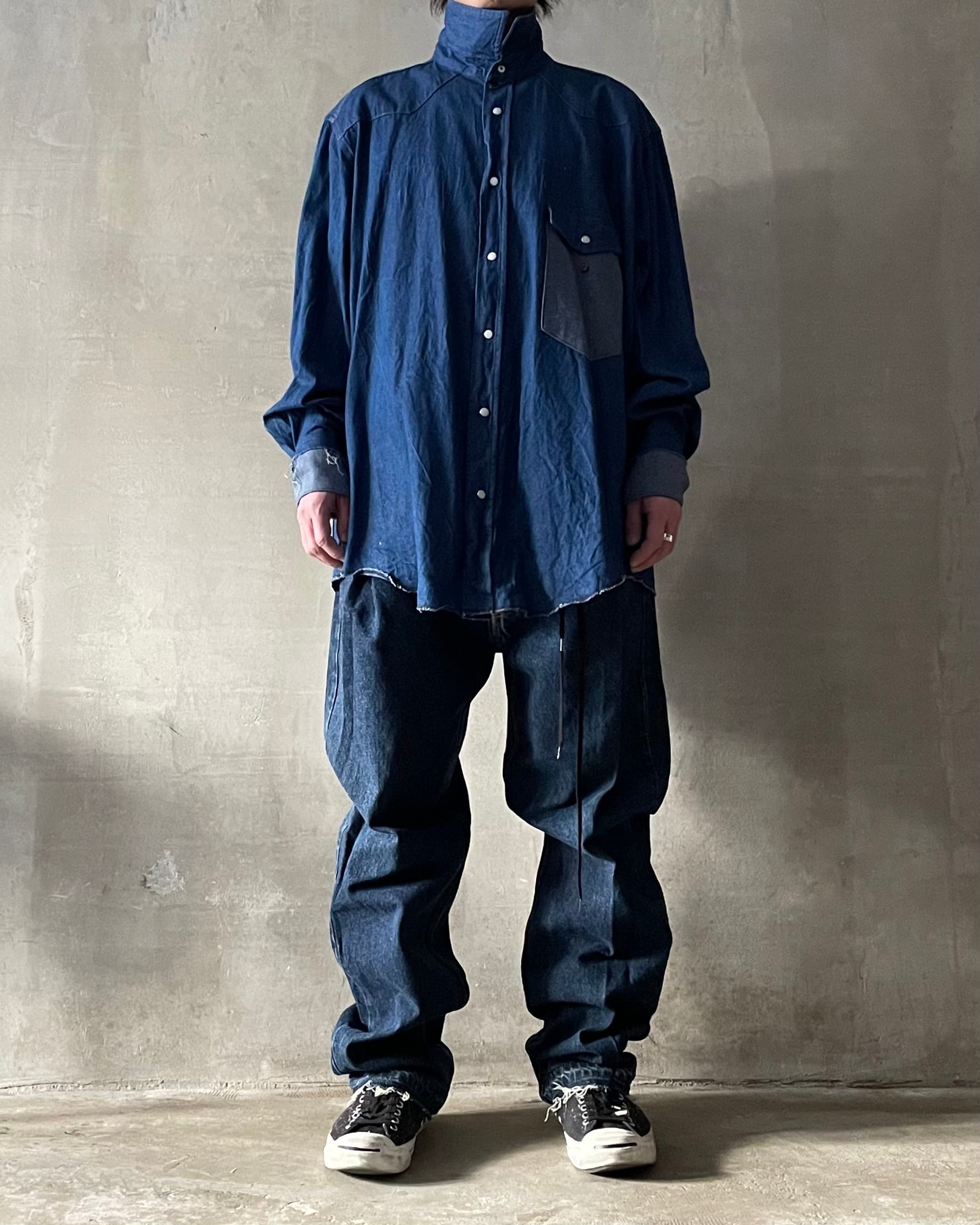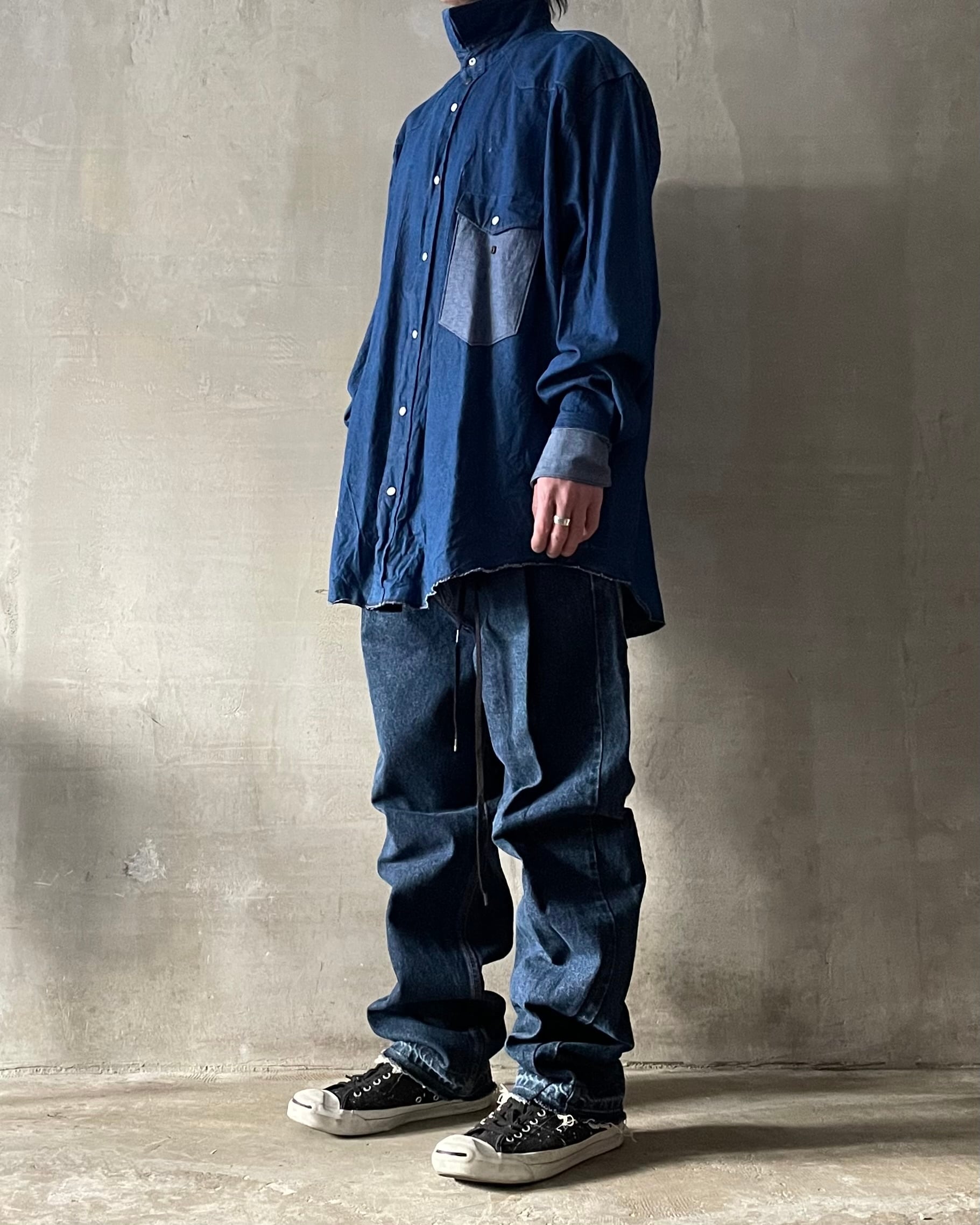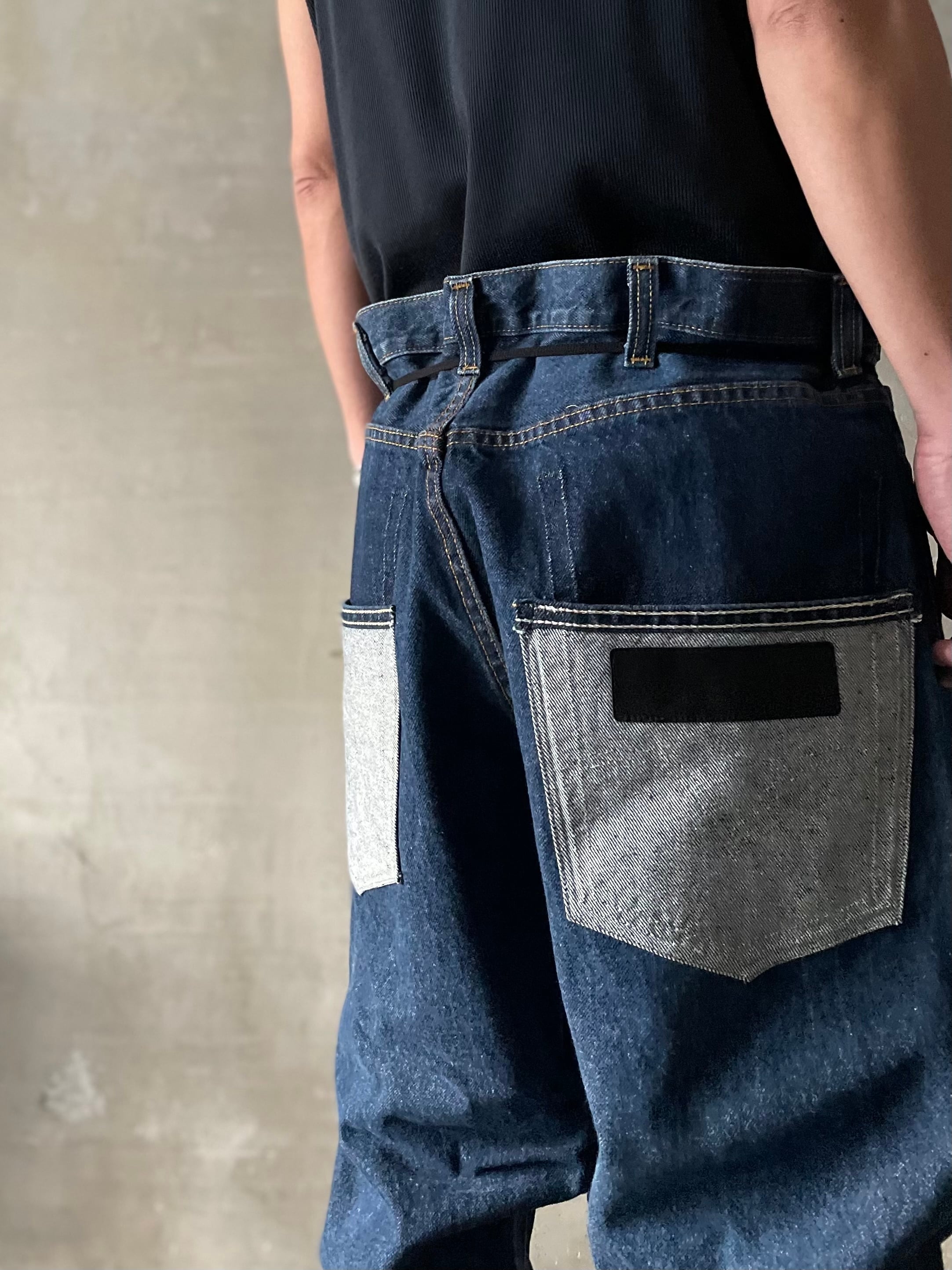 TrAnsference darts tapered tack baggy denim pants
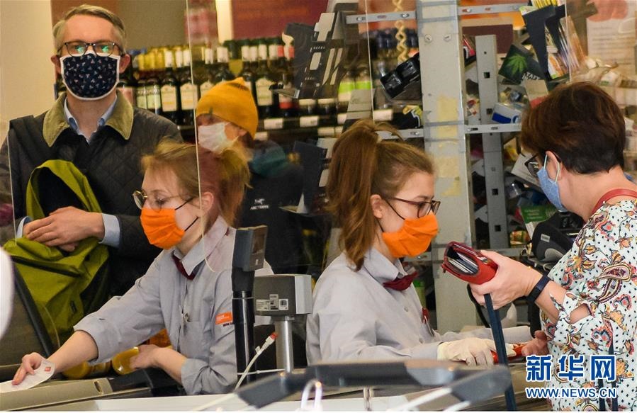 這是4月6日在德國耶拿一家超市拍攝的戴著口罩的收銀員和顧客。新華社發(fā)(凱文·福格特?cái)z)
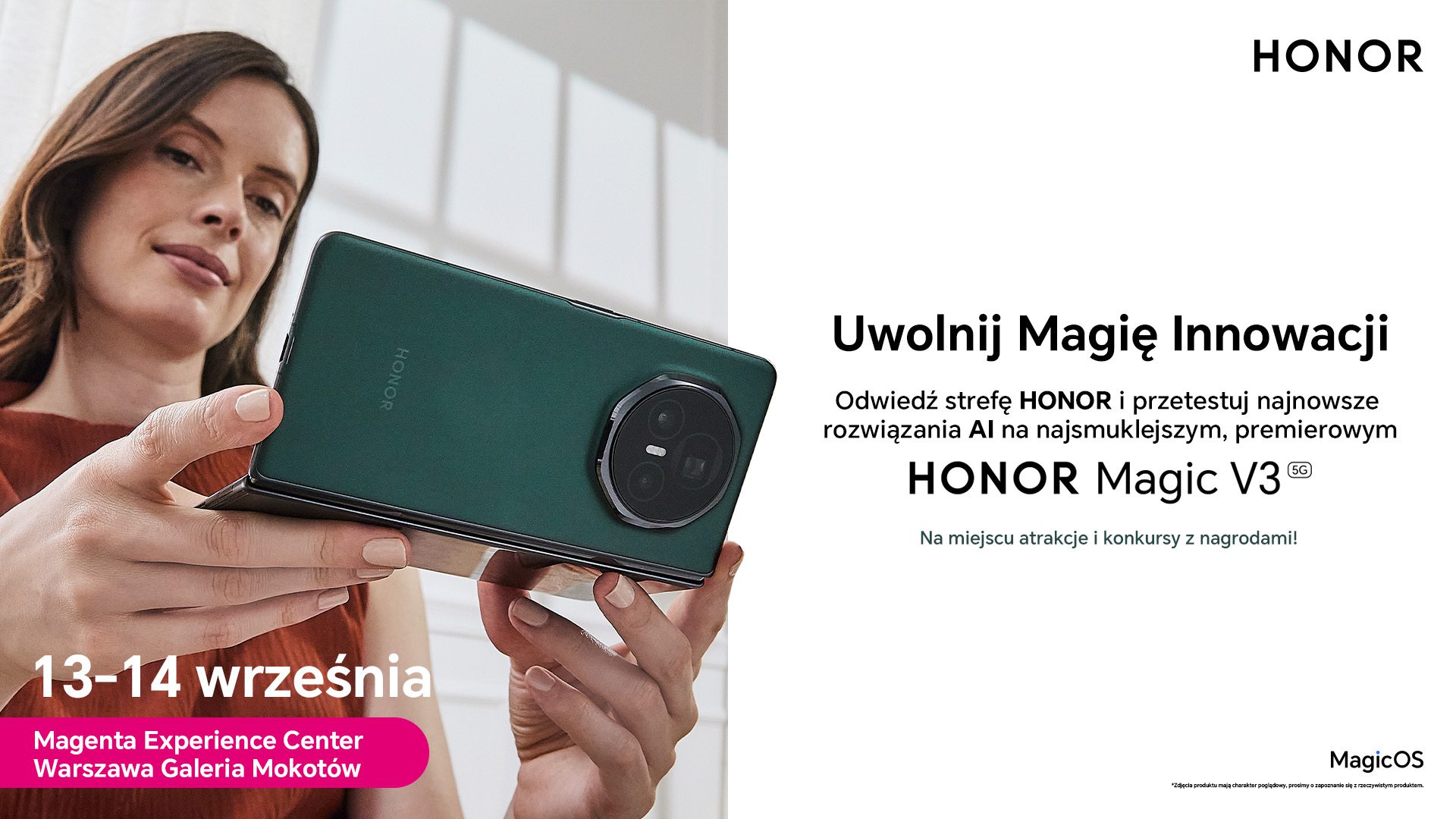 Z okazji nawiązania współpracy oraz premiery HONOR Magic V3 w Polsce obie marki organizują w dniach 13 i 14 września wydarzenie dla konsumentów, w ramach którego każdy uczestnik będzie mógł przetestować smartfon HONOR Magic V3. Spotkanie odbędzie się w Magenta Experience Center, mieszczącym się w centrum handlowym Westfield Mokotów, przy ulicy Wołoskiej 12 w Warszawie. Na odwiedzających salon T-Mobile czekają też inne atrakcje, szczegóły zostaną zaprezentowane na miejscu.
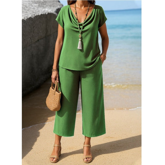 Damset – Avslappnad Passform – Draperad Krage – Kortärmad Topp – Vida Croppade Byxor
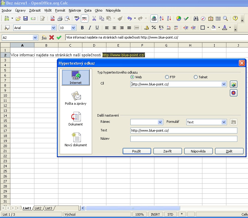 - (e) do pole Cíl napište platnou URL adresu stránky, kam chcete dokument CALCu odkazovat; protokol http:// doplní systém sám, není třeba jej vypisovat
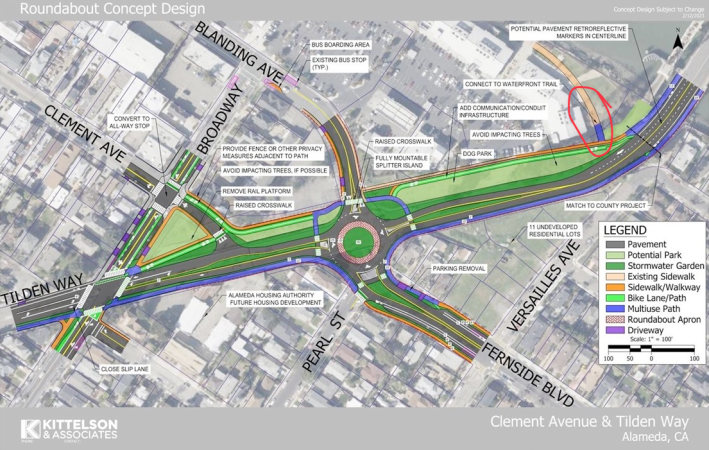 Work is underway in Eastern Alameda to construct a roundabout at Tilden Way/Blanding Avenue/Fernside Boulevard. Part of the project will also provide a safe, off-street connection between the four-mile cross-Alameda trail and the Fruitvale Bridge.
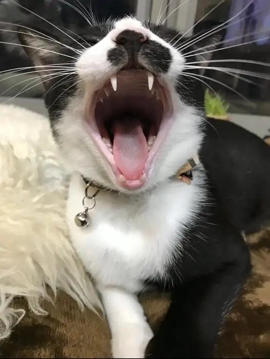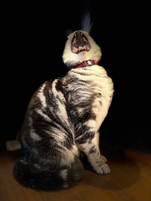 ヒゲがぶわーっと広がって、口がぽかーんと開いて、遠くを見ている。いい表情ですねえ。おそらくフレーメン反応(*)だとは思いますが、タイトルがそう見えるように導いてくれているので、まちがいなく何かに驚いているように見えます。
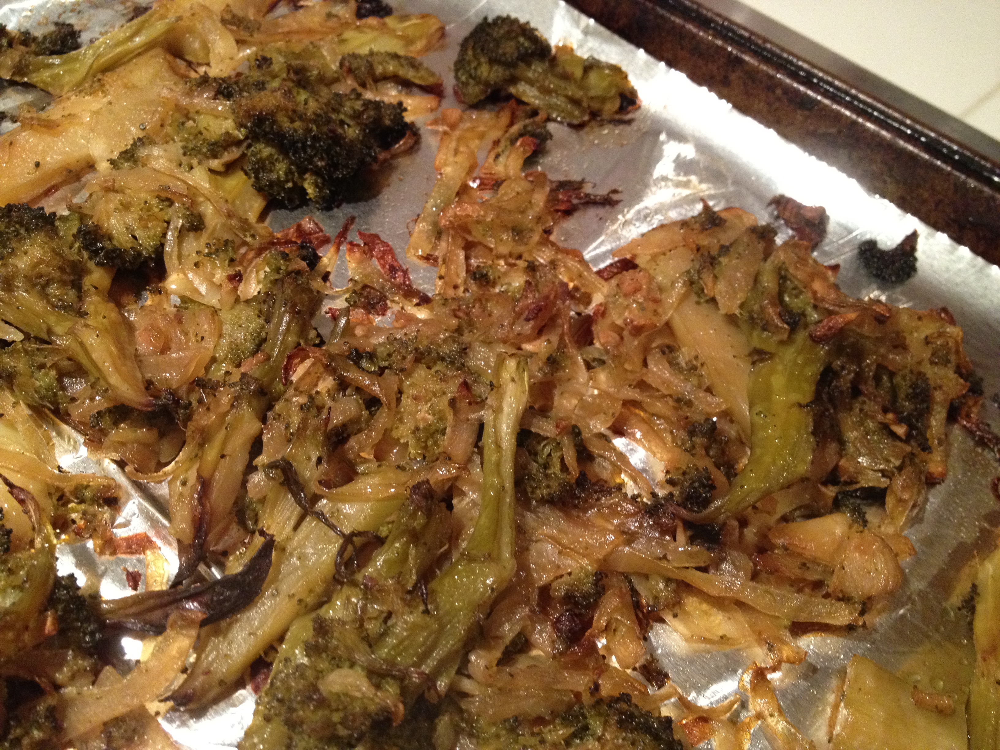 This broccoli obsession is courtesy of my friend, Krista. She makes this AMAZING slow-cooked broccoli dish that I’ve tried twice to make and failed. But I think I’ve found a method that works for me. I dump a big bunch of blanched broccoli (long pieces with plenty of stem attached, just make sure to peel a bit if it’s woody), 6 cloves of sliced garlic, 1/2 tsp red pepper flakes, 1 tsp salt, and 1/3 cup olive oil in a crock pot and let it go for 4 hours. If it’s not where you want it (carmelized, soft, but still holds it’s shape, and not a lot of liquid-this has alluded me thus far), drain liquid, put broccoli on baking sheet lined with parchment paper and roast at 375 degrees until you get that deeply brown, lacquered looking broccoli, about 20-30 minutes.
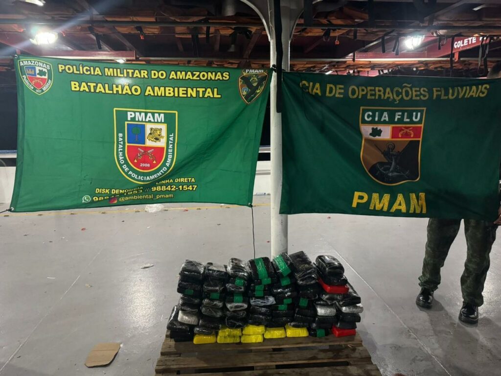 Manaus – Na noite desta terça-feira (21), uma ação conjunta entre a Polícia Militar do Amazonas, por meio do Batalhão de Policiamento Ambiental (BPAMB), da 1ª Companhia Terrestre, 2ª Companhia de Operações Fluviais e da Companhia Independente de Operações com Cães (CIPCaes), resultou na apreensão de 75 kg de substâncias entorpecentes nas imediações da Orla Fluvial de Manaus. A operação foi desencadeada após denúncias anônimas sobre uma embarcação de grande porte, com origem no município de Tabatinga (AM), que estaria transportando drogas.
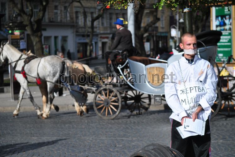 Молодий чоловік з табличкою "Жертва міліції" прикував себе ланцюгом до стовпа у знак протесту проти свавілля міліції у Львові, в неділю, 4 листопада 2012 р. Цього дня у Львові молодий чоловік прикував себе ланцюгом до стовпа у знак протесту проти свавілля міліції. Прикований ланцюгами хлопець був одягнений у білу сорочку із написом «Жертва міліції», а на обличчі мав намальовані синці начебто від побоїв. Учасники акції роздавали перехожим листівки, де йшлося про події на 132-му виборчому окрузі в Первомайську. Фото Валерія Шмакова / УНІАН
################
▶ _Problem details_
The copy must start at the line containing "Manaus – Na" and end at the last line of the data, matching each line exactly. It must hold no pictures.

▶ _Written response_
 Manaus – Na noite desta terça-feira (21), uma ação conjunta entre a Polícia Militar do Amazonas, por meio do Batalhão de Policiamento Ambiental (BPAMB), da 1ª Companhia Terrestre, 2ª Companhia de Operações Fluviais e da Companhia Independente de Operações com Cães (CIPCaes), resultou na apreensão de 75 kg de substâncias entorpecentes nas imediações da Orla Fluvial de Manaus. A operação foi desencadeada após denúncias anônimas sobre uma embarcação de grande porte, com origem no município de Tabatinga (AM), que estaria transportando drogas.
 Молодий чоловік з табличкою "Жертва міліції" прикував себе ланцюгом до стовпа у знак протесту проти свавілля міліції у Львові, в неділю, 4 листопада 2012 р. Цього дня у Львові молодий чоловік прикував себе ланцюгом до стовпа у знак протесту проти свавілля міліції. Прикований ланцюгами хлопець був одягнений у білу сорочку із написом «Жертва міліції», а на обличчі мав намальовані синці начебто від побоїв. Учасники акції роздавали перехожим листівки, де йшлося про події на 132-му виборчому окрузі в Первомайську. Фото Валерія Шмакова / УНІАН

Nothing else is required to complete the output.